First, note that some cities have no predecessor (Cleveland, for example). This means that the BFS did not reach these nodes. But take a city which does have a predecessor, such as Orlando. Orlando's predecessor is Louisville, Louisville's predecessor is Seattle, Seattle's predecessor is Chicago, and Chicago's predecessor is La Jolla. Therefore, the shortest path from La Jolla to Orlando is: La Jolla $\to$ Chicago $\to$ Seattle $\to$ Louisville $\to$ Orlando.

We can define a helper function to extract a path like this from a dictionary of predecessors:

In [14]:
def extract_path(predecessor, destination, path=None):
    """Extract a path to `destination` from the predecessor dictionary."""
    if path is None:
        path = []
    
    parent = predecessor[destination]
    if parent is not None:
        extract_path(predecessor, parent, path=path)
    
    path.append(destination)
    return path

In [15]:
extract_path(bfs_predecessor, 'Orlando')

['La Jolla', 'Chicago', 'Seattle', 'Louisville', 'Orlando']

### DFS

Below is the implementation of DFS, as it appears in the course notes with one minor addition: we have added a `sort = True` to the `.neighbors()` method so that neighbors are returned in ascending order. It returns two things: a dictionary mapping each node to its predecessor in the search, and a `Times` object with `start` and `finish` dictionaries containing
the start and finish times of every node reached during the search.

In [16]:
from dataclasses import dataclass

@dataclass
class Times:
    clock: int
    start: dict
    finish: dict

def full_dfs_times(graph):
    status = {node: 'undiscovered' for node in graph.nodes}
    predecessor = {node: None for node in graph.nodes}
    times = Times(clock=0, start={}, finish={})
    for u in graph.nodes:
        if status[u] == 'undiscovered':
            dfs_times(graph, u, status, predecessor, times)
    return predecessor, times

def dfs_times(graph, u, status=None, predecessor=None, times=None):
    if predecessor is None:
        predecessor = {node: None for node in graph.nodes}
        
    if status is None:
        status = {node: 'undiscovered' for node in graph.nodes}
       
    if times is None:
        times = Times(clock=0, start={}, finish={})
    
    times.clock += 1
    times.start[u] = times.clock
    status[u] = 'pending'
    for v in graph.neighbors(u, sort=True): # explore edge (u, v)
        if status[v] == 'undiscovered':
            predecessor[v] = u
            dfs_times(graph, v, status, predecessor, times)
    status[u] = 'visited'
    times.clock += 1
    times.finish[u] = times.clock
    
    return predecessor, times

For instance, the predecessors found by a DFS started at La Jolla are:

In [17]:
dfs_predecessor, _ = dfs_times(flight_graph, 'La Jolla')
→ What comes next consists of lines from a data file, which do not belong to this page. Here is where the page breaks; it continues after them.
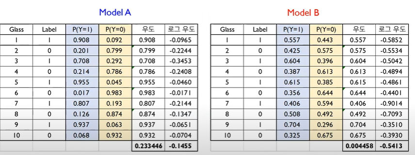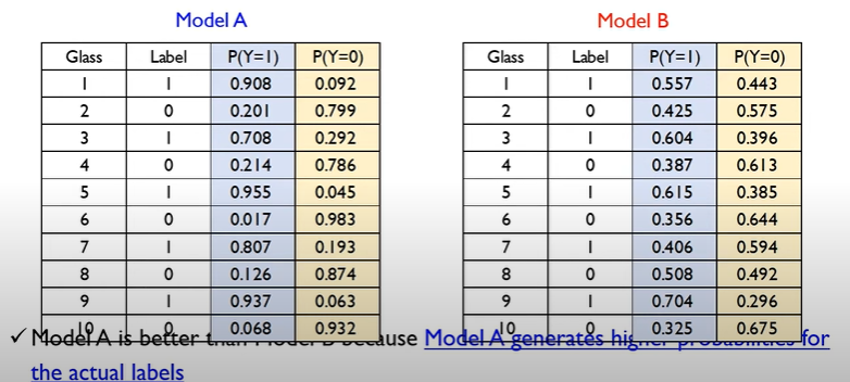 위 표처럼 로지스틱 회귀모델 A, B가 주어질 때, 실제 Label에 맞게 Class에 할당될 확률이 명확하게 나눠지는 A가 더 나은 모델임을 알 수 있다.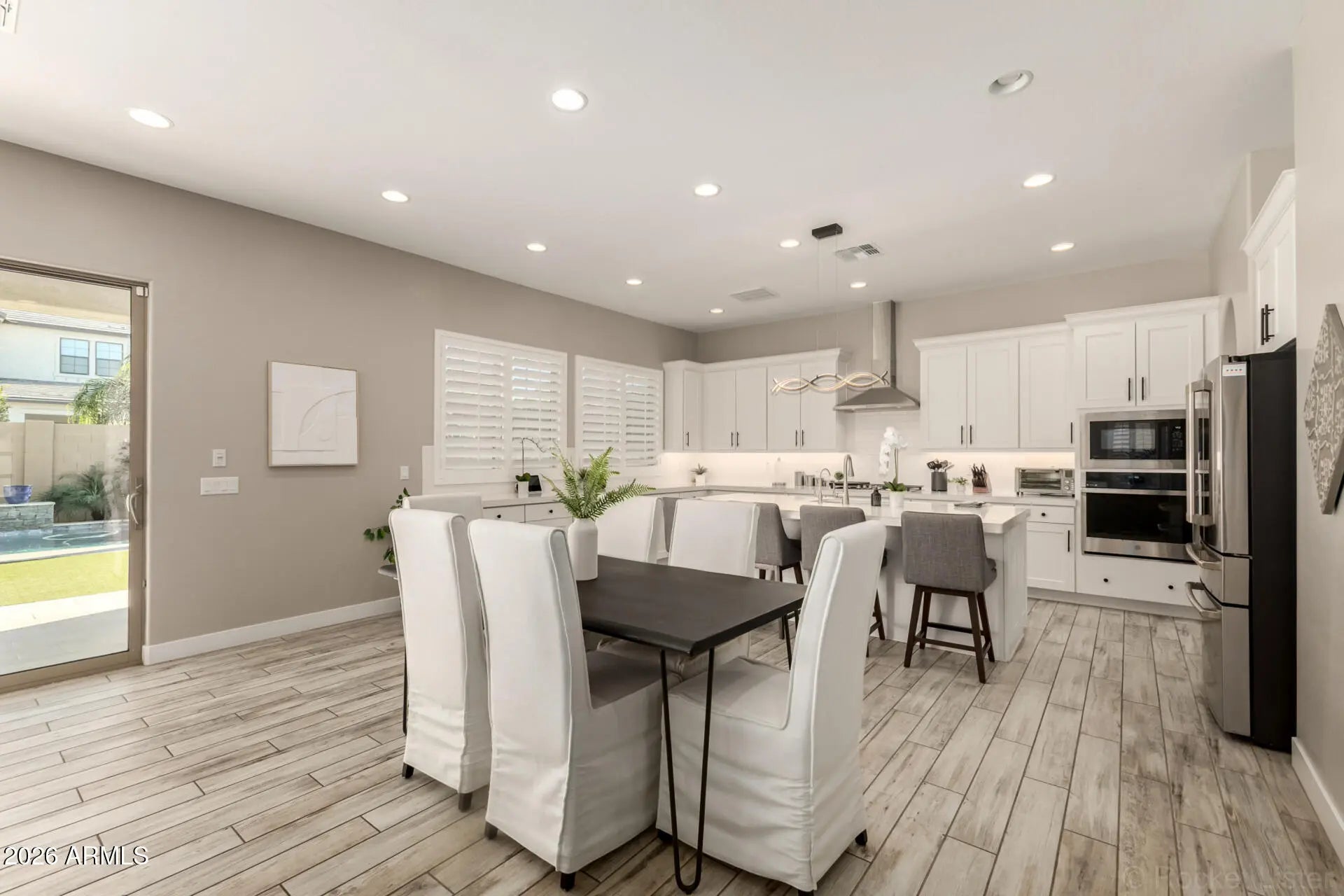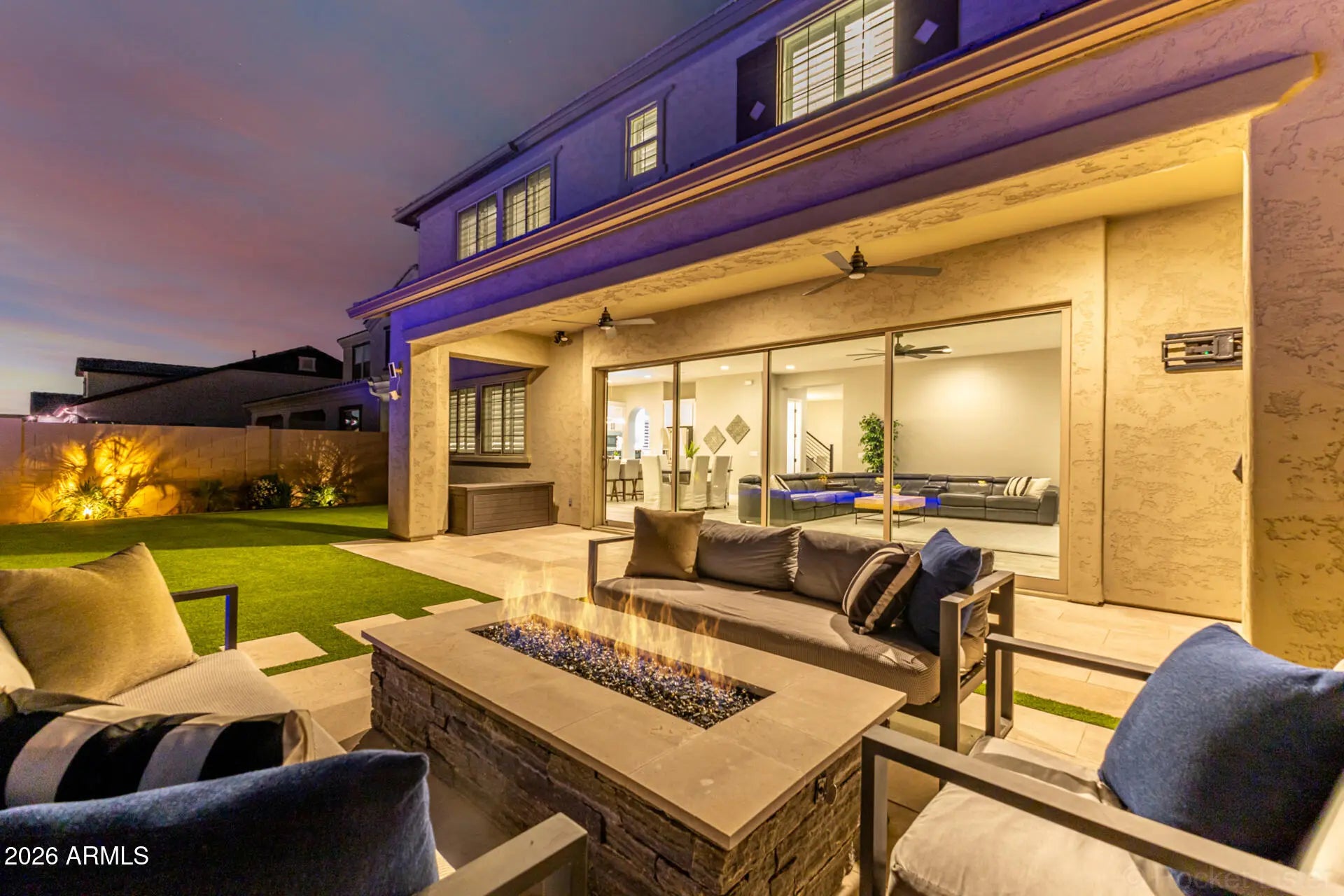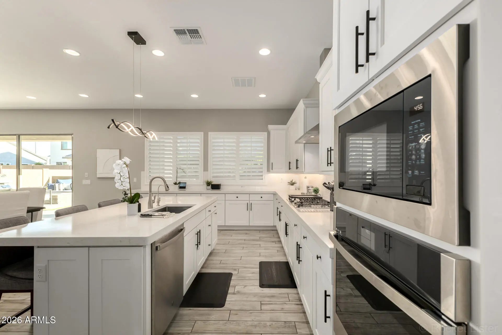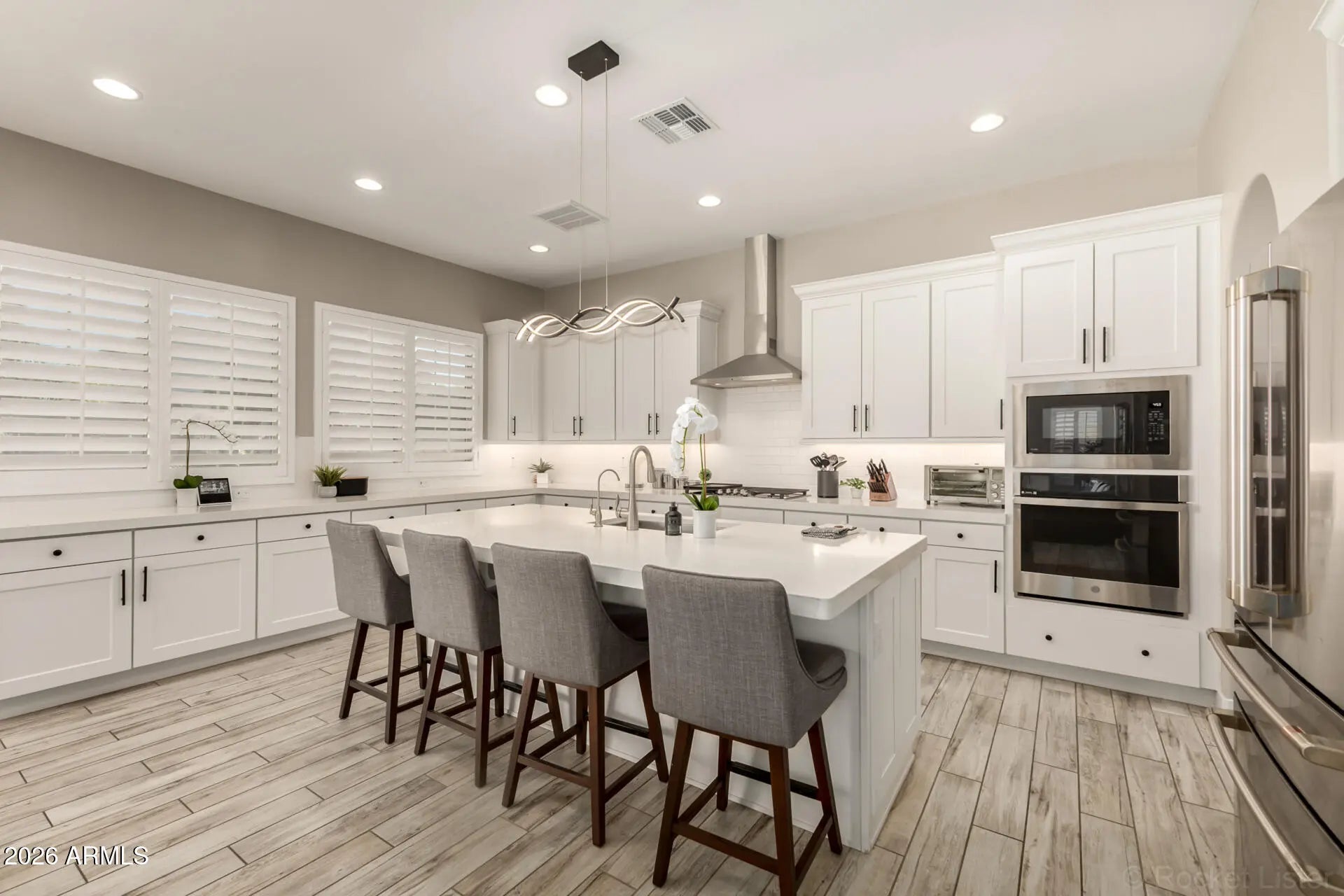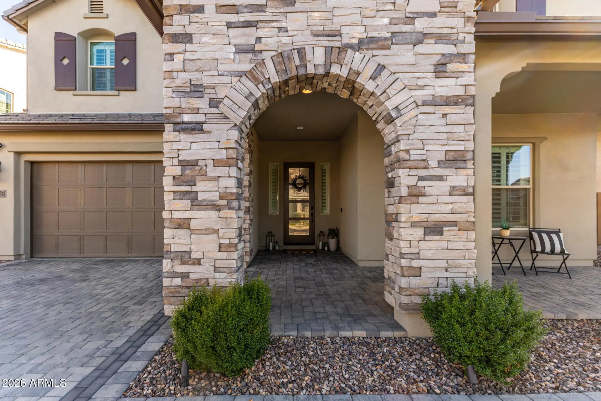 Some homes check all the boxes... this one raises the standard. Perfectly positioned in the heart of Gilbert within the highly sought-after gated community of Stratford Estates, this stunning 5+ bedroom, 4.5 bathroom luxury home offers the ideal blend of elegance, functionality, and true Arizona indoor-outdoor living... all just minutes from San Tan Village, Mercy Gilbert Medical Center, and the 202 Freeway. From the moment you arrive, you'll feel the difference. Beautiful stone and iron gated entrances welcome you into a community designed for connection, featuring three lush parks complete with outdoor kitchens, fire pits, playgrounds, and sport courts. Inside, the home is light-filled, open, and thoughtfully designed. Wood-look tile flooring, custom lighting, and elevated finishes... create a warm yet sophisticated feel throughout the main living spaces. The heart of the home... a show-stopping chef's kitchen featuring a massive quartz island, custom white cabinetry, built-in stainless steel appliances, a butler's pantry, and an additional walk-in pantry... designed for both everyday living and effortless entertaining. The flexible floor plan offers a dedicated downstairs den perfect for a home office, while upstairs you'll find a spacious loft ideal for a media room, playroom, or teen retreat. The primary suite is a true sanctuary... oversized, serene, and beautifully appointed with expansive walk-in closets, dual vanities, a soaking tub, and a separate glass-enclosed shower. One of the standout features... a direct connection from one of the primary closets into the oversized laundry room, creating a thoughtful and highly functional everyday luxury. Upstairs living is thoughtfully designed with two bedrooms sharing a hall bath, while an additional two bedrooms enjoy their own private bathroom... creating ideal separation and comfort for family or guests. And then... the moment that truly sets this home apart...A dramatic 20-foot stacking glass wall opens completely to a resort-style backyard, creating a seamless indoor-outdoor experience that defines Arizona living at its finest. The backyard is an entertainer's dream... featuring a covered patio, outdoor fireplace, built-in grill, beverage fridge, ceiling fans, and a stunning pool with stone-stacked waterfall, baja step, water features, and a heated spa. Additional highlights include a 4-car tandem garage, paver driveway, fresh interior and exterior paint, custom shutters and blinds, and upgraded hardware throughout. This is more than a home... it's a lifestyle. And opportunities like this in Stratford Estates don't come often.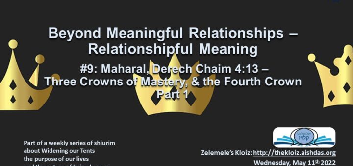 The Beyond Meaningful Relationships – Relationshipful Meaning series at the kloiz meets on Wednesday nights at 8pm EDT. If you missed anything or just want to join mid-stream, there are always the posts in...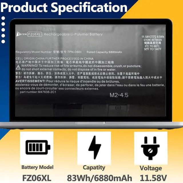 Compatible C/NFZ06XL,FZ06083XL,TPN-DB0I,M48025-005,M47636-2C1,M47636-2D1,31CP7/52/58-2.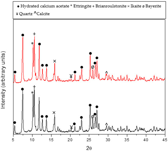 Figure 6 shows the X-ray diffraction analysis of qlvk and qlrk. The main phase detected consisted of hydrated calcium acetate [(CH3COO)2Ca·H2O], which diffracted in most of the peaks, especially at 7.30°, 10.72°, 11.88°, 14.51°, 15.95°, 23.45°, 25.95°, and 27.62° 2θ, according to the reference pattern 00-019-0199 [24]. Other phases identified were ikaite (CaCO3·6H2O) at 17.19° 2θ [25] and brianroulstonite [Ca3[B5O6(OH)6](OH)Cl2·8H2O], with a main peak at 10.92° 2θ [26]. Calcite (CaCO3) diffracted at an angle of 29.48° 2θ [27], while ettringite [Ca6Al2(SO4)3(OH)12·26H2O] presented a main peak at 9.76° 2θ [27]. Other peaks detected were bayerite [Al(OH)3] at 27.70 2θ [28] and quartz (SiO2) at 20.22° 2θ [29]. Some peaks were not verified completely, perhaps due to “noise” detected by the equipment.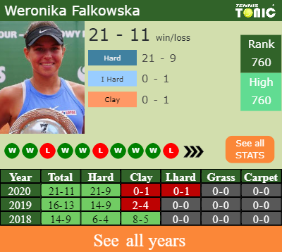 Falkowska has a 21-11 win-loss record in 2020, 21-9 on hard (See FULL STATS).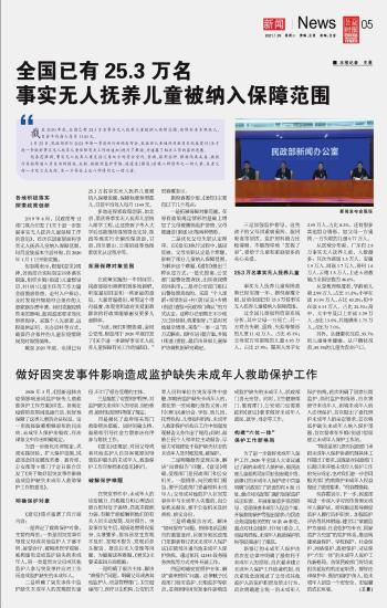 事實無人撫養(yǎng)兒童被納入保障范圍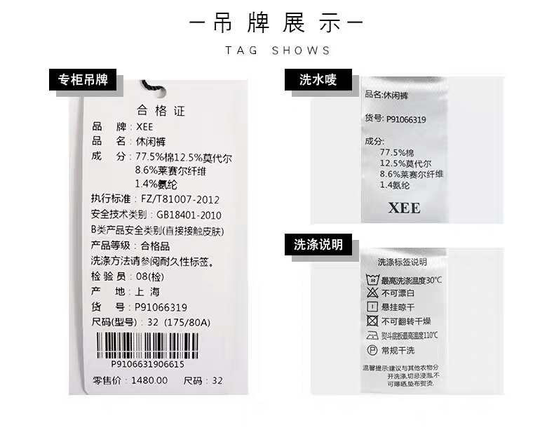 XEE商场同款男士藏青色直筒休闲百搭长裤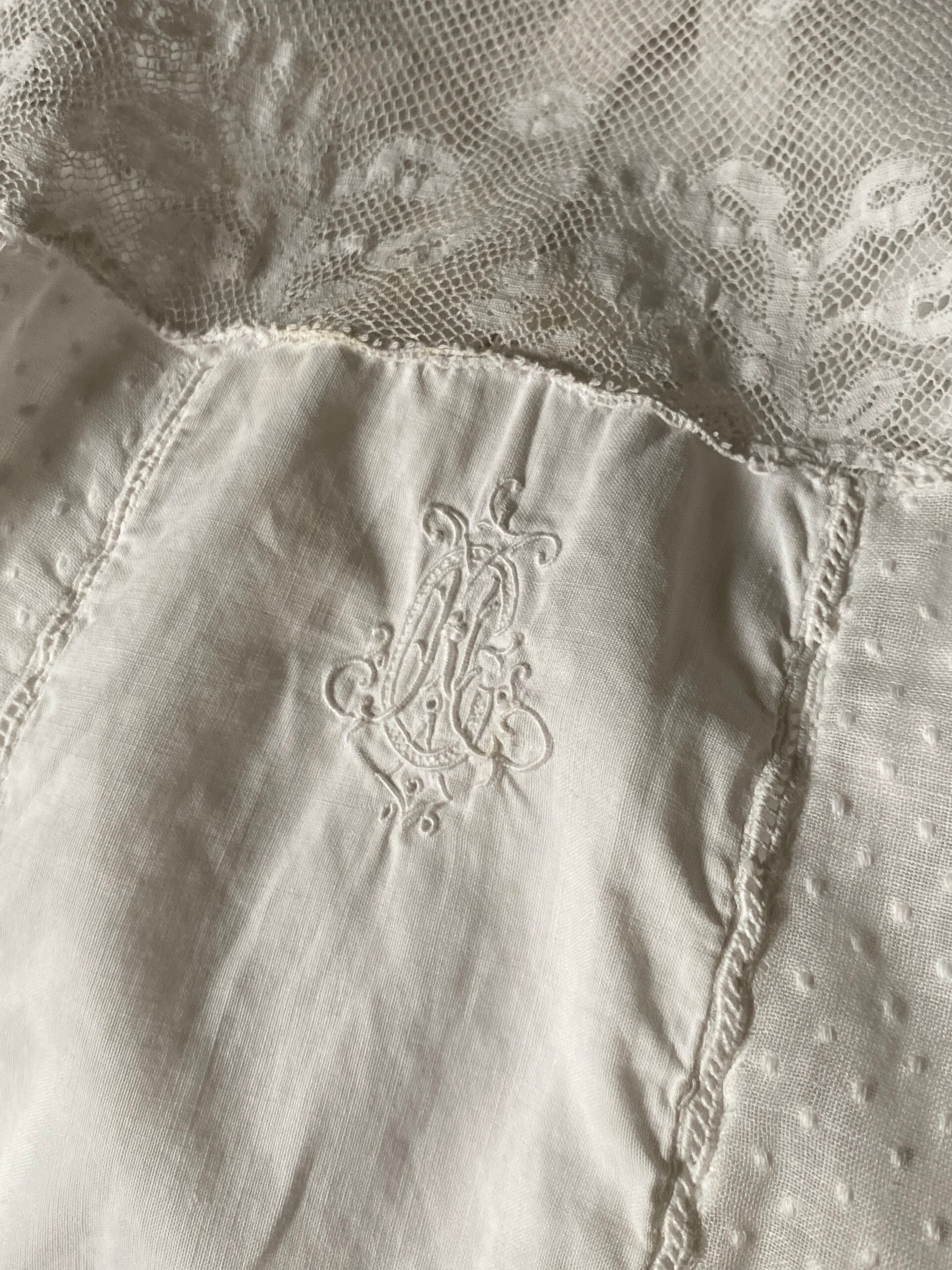 コルセットカバーとペチスカートが一体化したようなデザインのantiqueのペチコートドレス。元来はアンダーウェアとして着用されていたアイテムですが、チュールレースのインサートやピンドットの刺繍、たくさんのボタン、生地がパネリングされたディテールなど、現代においてシティユースに通用するデザイン性の高さです。裾部分は繊細なコットンガーゼ生地と、ボディと同じコットン生地の二重になっているので、ほどよいAラインのシルエットになります。侍女のいるお屋敷の方の物だったのか、本来はボタンが付いている側が背中にくるデザインなのだと思いますが、どちらを前にして着ても可愛いです。また、当時の持ち主のイニシャルが美しいモノグラムの刺繍で施されています。通年さまざまなスタイリングで、長い間大切にご着用いただきたい逸品です。優しくお洗濯済みです。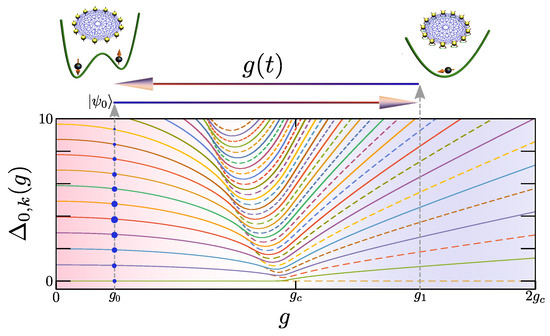 where denotes the energy of the kth eigenstate for g. In addition, we assume that the Hamiltonian commutes with a discrete parity operator , , so that the eigenstates can be labeled in terms of the eigenvalues of , or , owing to a symmetry, i.e., the eigenstates can be written as with , and similarly for its energy , so that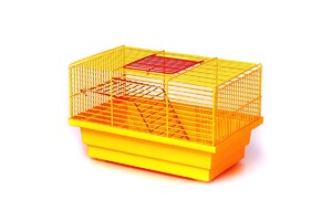 Декоративная клетка небольших размеров, изготовленная из безопасных для грызунов материалов. В комплектацию входит металлическая полочка и барабан для развлечений ее жителей.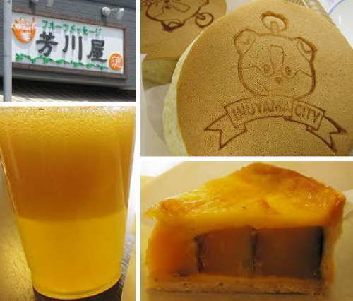 愛知県犬山市で飲み会のあったメタボちゃん。電車には乗った事がないので送ってってくれと言うので車で40分。家に帰ってまた迎えに来るのは面倒で犬山駅付近で下ろして、イトーヨーカドーに車を止めてショッピングしたよ。客層が私より年配+年配・・・えらく平均年齢が高いなぁと思いつつもけっこう専門店が入ってるね。冬物がお値打ちになっていました。来年用にコートが欲しいと思ってたら定価の30%引きの物がまた30%引き。1着買って、あとは地下へ。輸入食品のお店であれこれと買って来ました。学生の頃は、ミスタードーナッツが一番近くて犬山しか無かったので電車で買いに行ったなぁ~。駅前と言えば西のロータリーだったのに今は東側がロータリーになっててずいぶん変わったよね。懐かしいです。その前に、キッシュが食べたくてフルーツメッセージ芳川屋へ行ったよ。私、卵のキッシュが苦手なんです。パイは甘いオヤツってイメージがありパイ生地にしょっぱい卵液を入れて焼いてオカズになるのが嫌なんです。初めて食べたキッシュの卵がパサパサしてトラウマになった理由もある。もちろん美味しいお店のキッシュは好きですよ。前菜で小さいから(笑)シチューポットも食べるけど大が付くほど好きじゃ無い。パイはオヤツだ。このお店は卵焼きのキッシュじゃ無いので気になってたんです。本当はリンゴのキッシュをオヤツ感覚で頂きたかったんだけど南瓜しかなかった。リンゴのフレッシュジュースも頂きました。大きめな角切り南瓜がギュ!と詰まってます。味は自然な感じでパイは甘くなく、南瓜に良く合います。キッシュって言うよりもパンプキンパイ?どちらに傾くんだろう?これは美味しいです。黒糖蒸しパンミックスが買ってあったので、さつま芋の煮てあったのを入れて、お芋の黒糖蒸しパン。ミックス粉だから簡単。15分で完成です。200gの粉にお芋はあるだけ入れたので芋だらけ(笑)マフィンカップ6個。お芋は煮ない方が良かったけど、熱々ハフハフ♪と美味しく頂きました。

In general, the DFS predecessors and the BFS predecessors are different:

In [18]:
dfs_predecessor['Louisville']

'Jacksonville'

In [19]:
bfs_predecessor['Louisville']

'Seattle'

But in both BFS and DFS (the non-full versions), a node is visited if and only if it is reachable from the source. That is, if we look at the nodes which are not visited by DFS (i.e., those nodes with a predecessor of `None` which are not the source) and the
nodes which are not visited by BFS, they will be the same:

In [20]:
# not visited by DFS (and the source node, La Jolla)
[u for u, parent in dfs_predecessor.items() if parent is None]

['La Jolla',
 'Phoenix',
 'Dallas',
 'Miami',
 'Charlotte',
 'New York',
 'Vancouver',
 'Washington DC',
 'Cleveland',
 'St. Louis',
 'Las Vegas']

In [21]:
# not visited by BFS (and the source node, La Jolla)
[u for u, parent in bfs_predecessor.items() if parent is None]

['La Jolla',
 'Phoenix',
 'Dallas',
 'Miami',
 'Charlotte',
 'New York',
 'Vancouver',
 'Washington DC',
 'Cleveland',
 'St. Louis',
 'Las Vegas']

### Shortest Paths

We can use BFS to find a shortest path between the source and every other node in the graph. Suppose, for instance, that we wish to fly from San Diego to Seattle. BFS gives us a route with the fewest flights:

In [22]:
bfs_to_seattle = extract_path(bfs_predecessor, 'Seattle')
bfs_to_seattle

['La Jolla', 'Chicago', 'Seattle']

In [23]:
demo.plot_route(bfs_to_seattle)

Depth-first search does *not* find the shortest path in general. In this case, it's not even close:

In [24]:
dfs_to_seattle = extract_path(dfs_predecessor, 'Seattle')
dfs_to_seattle

['La Jolla',
 'Chicago',
 'Boston',
 'Boise',
 'Portland',
 'Minneapolis',
 'Jacksonville',
 'Louisville',
 'Milwaukee',
 'Houston',
 'Los Angeles',
 'El Paso',
 'Seattle']

In [25]:
demo.plot_route(dfs_to_seattle)

We instead use DFS in other applications, such as when we wish to find a topological sort of a directed graph's nodes.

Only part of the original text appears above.